What are the lines, word for word, from the line with "说完了监控部分,我们开始今年" up to and including the line with "男性向けラノベタイトル風あだ名 | 『この素晴らしい世界にまさきんぐを!』 |" in the records below? Omit the pictures.

Provided entries:
● ● ● ● ●

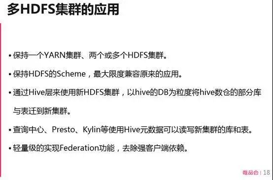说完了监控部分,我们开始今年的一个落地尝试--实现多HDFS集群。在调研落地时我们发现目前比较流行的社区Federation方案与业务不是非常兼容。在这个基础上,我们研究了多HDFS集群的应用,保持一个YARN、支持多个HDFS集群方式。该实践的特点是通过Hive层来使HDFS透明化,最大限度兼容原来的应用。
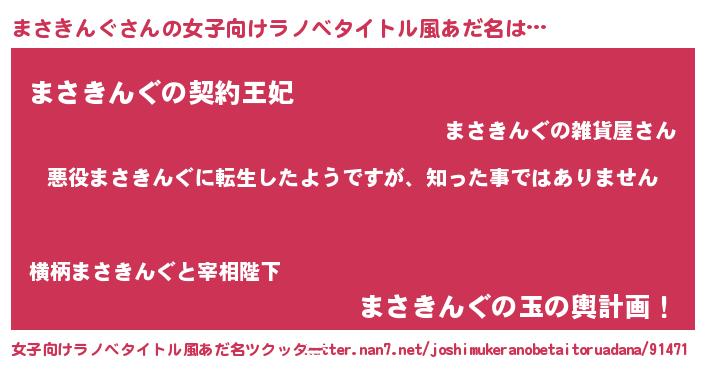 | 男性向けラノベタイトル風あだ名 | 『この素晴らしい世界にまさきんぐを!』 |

● ● ● ● ●

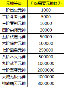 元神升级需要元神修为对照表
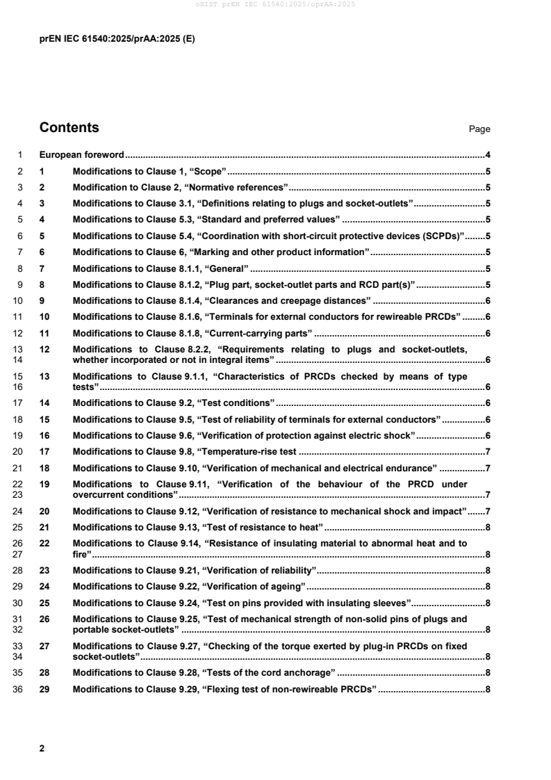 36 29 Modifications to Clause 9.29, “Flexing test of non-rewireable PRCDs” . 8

● ● ● ● ●

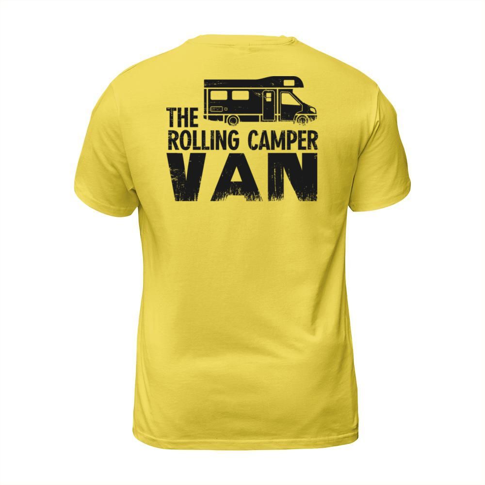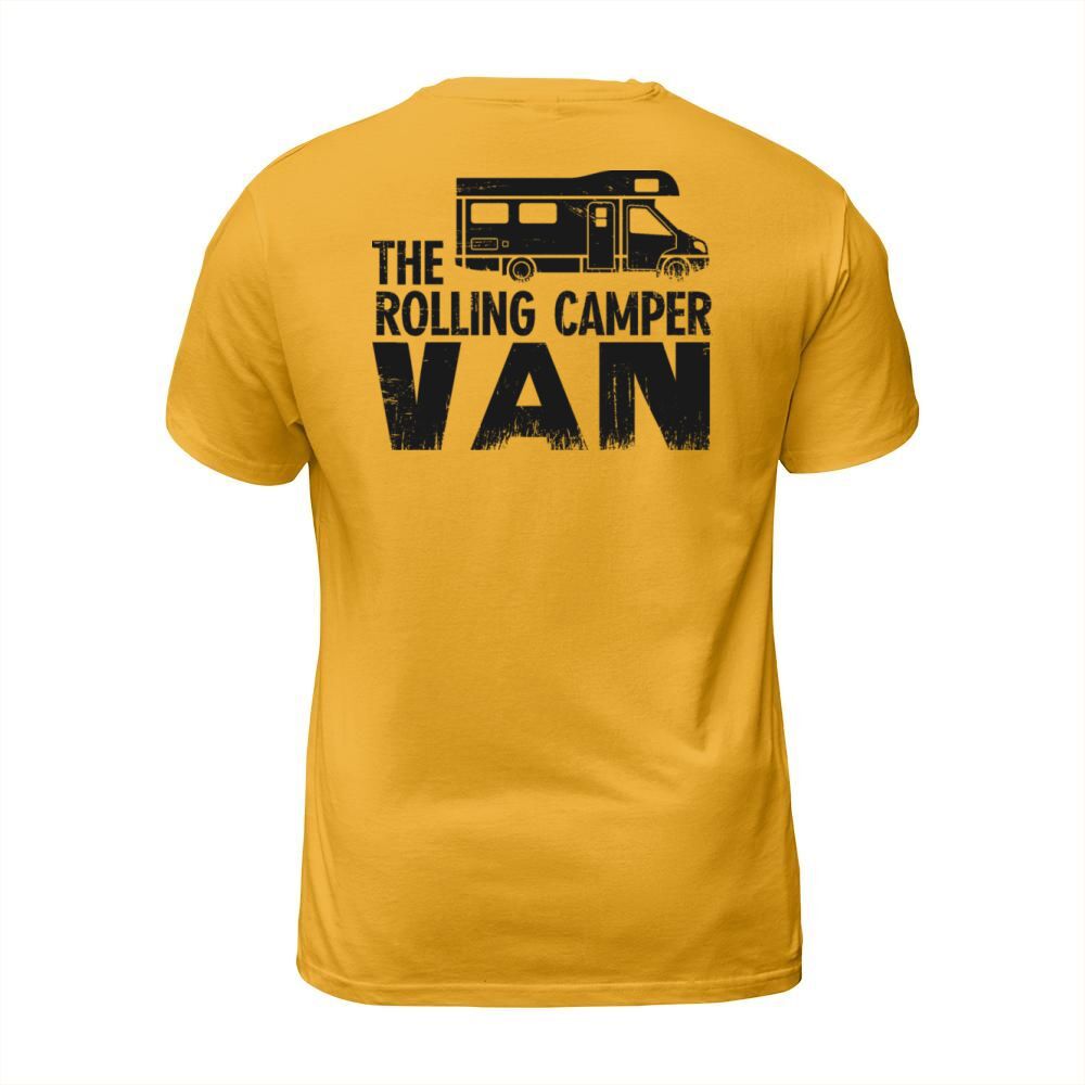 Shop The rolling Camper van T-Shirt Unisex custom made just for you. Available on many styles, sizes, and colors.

● ● ● ● ●

Written reply:
说完了监控部分,我们开始今年的一个落地尝试--实现多HDFS集群。在调研落地时我们发现目前比较流行的社区Federation方案与业务不是非常兼容。在这个基础上,我们研究了多HDFS集群的应用,保持一个YARN、支持多个HDFS集群方式。该实践的特点是通过Hive层来使HDFS透明化,最大限度兼容原来的应用。
 | 男性向けラノベタイトル風あだ名 | 『この素晴らしい世界にまさきんぐを!』 |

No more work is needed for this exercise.